The most spectacular application is the universal constructor, a machine that can be programmed to perform not just all possible computations, but all physical transformations that are allowed by the laws of physics. It’s an all-powerful 3D printer. There could be an era, far in the future, where the universal constructor is part of our lives as computers are now; this could revolutionise our civilisation.
You’re talking about extraordinary computational power. Are you anxious about where such power might lead as we enter the age of artificial intelligence?
Yes, I think as a scientist you do have these worries. But I place great value in the knowledge that humanity can create, and what I’m hoping is that as we make progress in science, our society can also make progress to look out for potential problems that might come out of new science applications, and solve them.
How far away are we from quantum computers becoming reliable working computers?
Closer than ever, but we don’t know how far. The initial goal of building the universal quantum Turing machine has been subdivided into smaller goals of building special purpose quantum computers that can address specific tasks, one at a time – cryptography is an example. These quantum technologies are already here and can be used in all sorts of fields, from engineering to biology and medicine.
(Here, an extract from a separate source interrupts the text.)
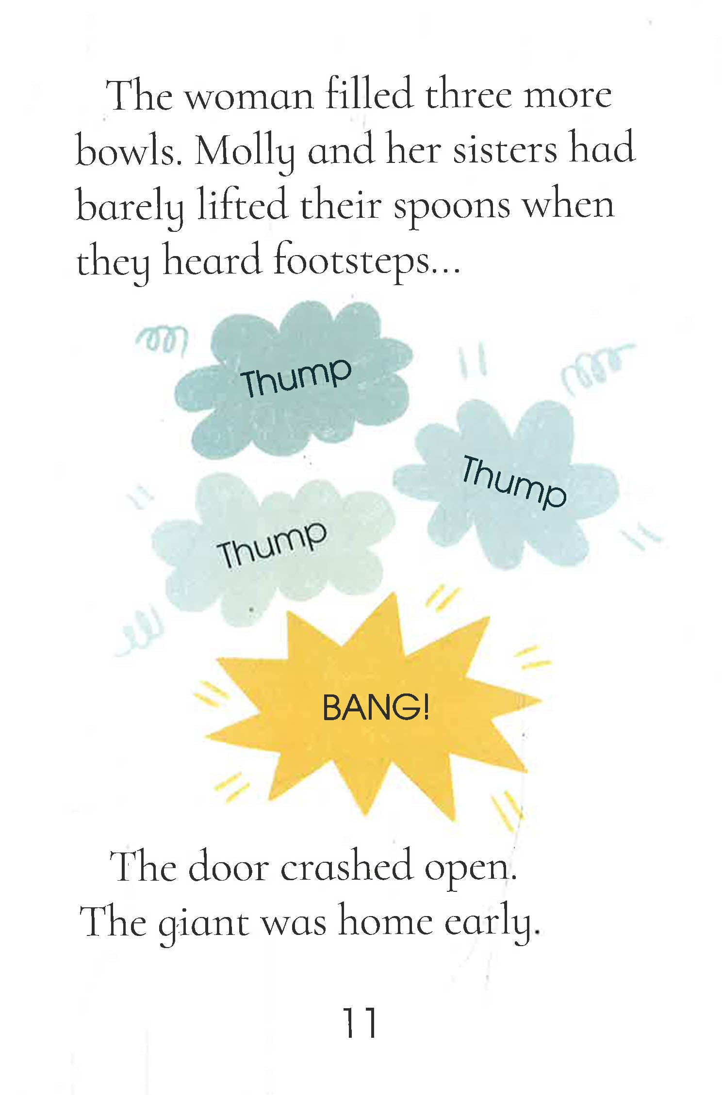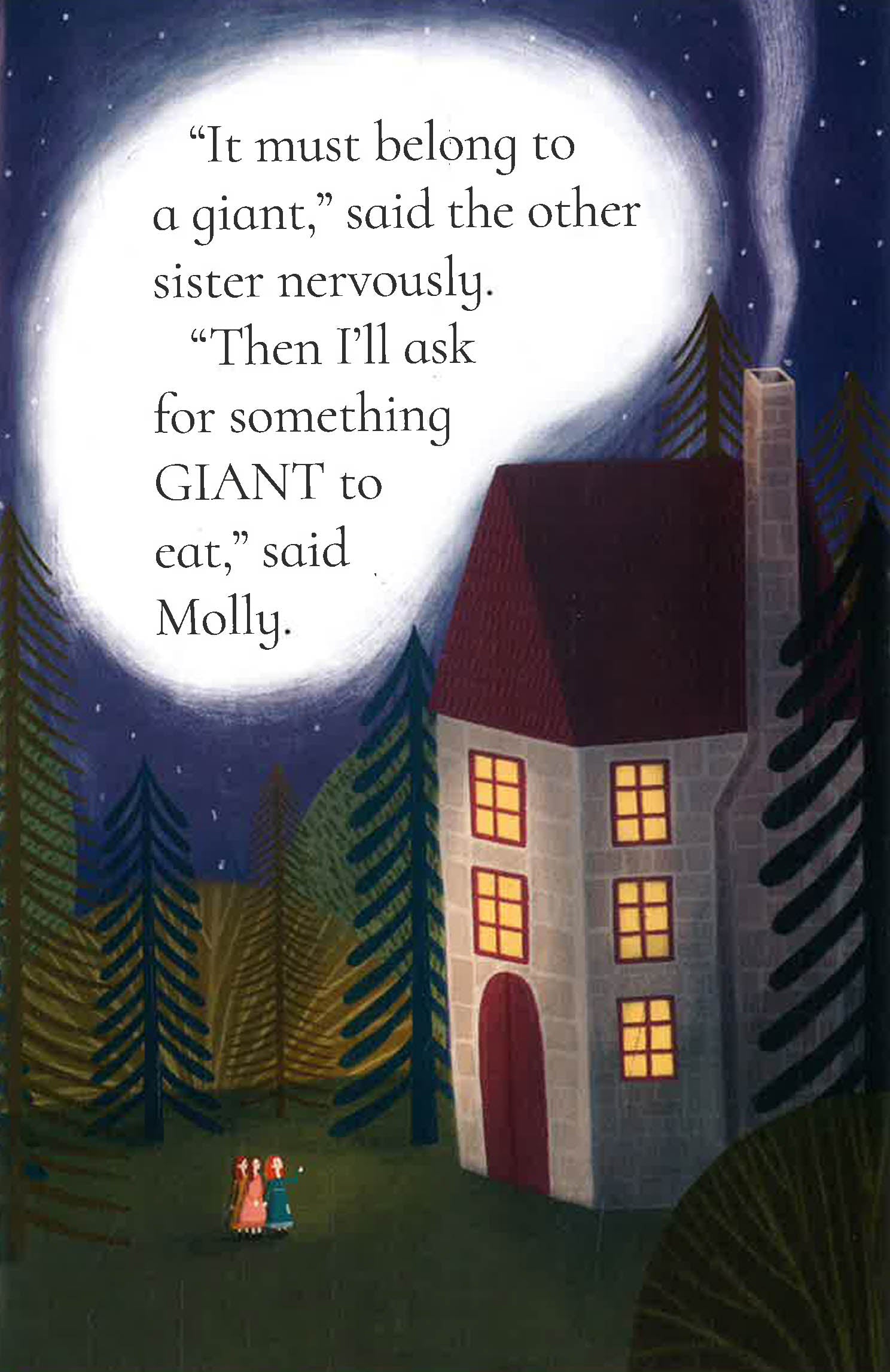 Molly and her sisters meet a wicked giant who wants to eat them. Molly's quick thinking saves them... but to defeat the giant forever, Molly will have to return and steal three magical treasures. Based on an old Scottish tale, sometimes known as Molly Whuppie.

Physics is traditionally a very male-dominated field. Was that a discouraging image when you were deciding to enter the field?
When choosing physics I didn’t feel that there was a problem, because my parents empowered me. They always treated me as an individual, so the way I interact with the world is not primarily through the fact that I happen to be a woman. I’m a scientist and I’m interested in physics, that’s all. Sometimes I’ve encountered residual incredulity about the fact that there are women in physics. But if we persist at it, a culture shift will occur. Girls will then realise they can do anything they want (provided it’s allowed by the laws of physics).